**Work task**
Print out the entries exactly, and include each one.

(Records drawn from a dataset)
━━━
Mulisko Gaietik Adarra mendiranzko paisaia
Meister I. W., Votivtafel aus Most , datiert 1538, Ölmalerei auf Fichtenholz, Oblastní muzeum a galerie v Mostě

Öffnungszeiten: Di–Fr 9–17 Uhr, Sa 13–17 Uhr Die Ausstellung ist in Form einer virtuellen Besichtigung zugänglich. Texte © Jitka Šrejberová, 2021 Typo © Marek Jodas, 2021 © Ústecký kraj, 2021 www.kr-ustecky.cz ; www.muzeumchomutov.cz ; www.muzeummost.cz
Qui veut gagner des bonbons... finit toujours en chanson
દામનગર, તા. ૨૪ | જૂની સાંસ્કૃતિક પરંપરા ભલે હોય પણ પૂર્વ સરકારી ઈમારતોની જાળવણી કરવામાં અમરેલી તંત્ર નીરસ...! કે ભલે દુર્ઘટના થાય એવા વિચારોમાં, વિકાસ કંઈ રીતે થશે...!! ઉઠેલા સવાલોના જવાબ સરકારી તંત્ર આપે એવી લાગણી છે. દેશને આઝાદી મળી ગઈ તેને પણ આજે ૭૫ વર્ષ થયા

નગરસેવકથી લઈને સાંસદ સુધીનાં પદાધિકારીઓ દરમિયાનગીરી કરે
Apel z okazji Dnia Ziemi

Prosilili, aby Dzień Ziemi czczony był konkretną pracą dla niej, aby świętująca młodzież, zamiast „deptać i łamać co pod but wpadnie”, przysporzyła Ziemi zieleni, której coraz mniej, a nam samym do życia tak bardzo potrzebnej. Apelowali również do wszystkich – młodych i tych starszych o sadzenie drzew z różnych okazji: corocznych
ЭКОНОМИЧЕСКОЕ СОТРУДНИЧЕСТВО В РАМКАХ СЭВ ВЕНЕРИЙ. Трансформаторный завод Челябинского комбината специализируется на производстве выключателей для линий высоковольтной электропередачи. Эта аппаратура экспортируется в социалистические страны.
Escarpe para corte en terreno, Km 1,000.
━━━
**Reply**
Mulisko Gaietik Adarra mendiranzko paisaia
Meister I. W., Votivtafel aus Most , datiert 1538, Ölmalerei auf Fichtenholz, Oblastní muzeum a galerie v Mostě

Öffnungszeiten: Di–Fr 9–17 Uhr, Sa 13–17 Uhr Die Ausstellung ist in Form einer virtuellen Besichtigung zugänglich. Texte © Jitka Šrejberová, 2021 Typo © Marek Jodas, 2021 © Ústecký kraj, 2021 www.kr-ustecky.cz ; www.muzeumchomutov.cz ; www.muzeummost.cz
Qui veut gagner des bonbons... finit toujours en chanson
દામનગર, તા. ૨૪ | જૂની સાંસ્કૃતિક પરંપરા ભલે હોય પણ પૂર્વ સરકારી ઈમારતોની જાળવણી કરવામાં અમરેલી તંત્ર નીરસ...! કે ભલે દુર્ઘટના થાય એવા વિચારોમાં, વિકાસ કંઈ રીતે થશે...!! ઉઠેલા સવાલોના જવાબ સરકારી તંત્ર આપે એવી લાગણી છે. દેશને આઝાદી મળી ગઈ તેને પણ આજે ૭૫ વર્ષ થયા

નગરસેવકથી લઈને સાંસદ સુધીનાં પદાધિકારીઓ દરમિયાનગીરી કરે
Apel z okazji Dnia Ziemi

Prosilili, aby Dzień Ziemi czczony był konkretną pracą dla niej, aby świętująca młodzież, zamiast „deptać i łamać co pod but wpadnie”, przysporzyła Ziemi zieleni, której coraz mniej, a nam samym do życia tak bardzo potrzebnej. Apelowali również do wszystkich – młodych i tych starszych o sadzenie drzew z różnych okazji: corocznych
ЭКОНОМИЧЕСКОЕ СОТРУДНИЧЕСТВО В РАМКАХ СЭВ ВЕНЕРИЙ. Трансформаторный завод Челябинского комбината специализируется на производстве выключателей для линий высоковольтной электропередачи. Эта аппаратура экспортируется в социалистические страны.
Escarpe para corte en terreno, Km 1,000.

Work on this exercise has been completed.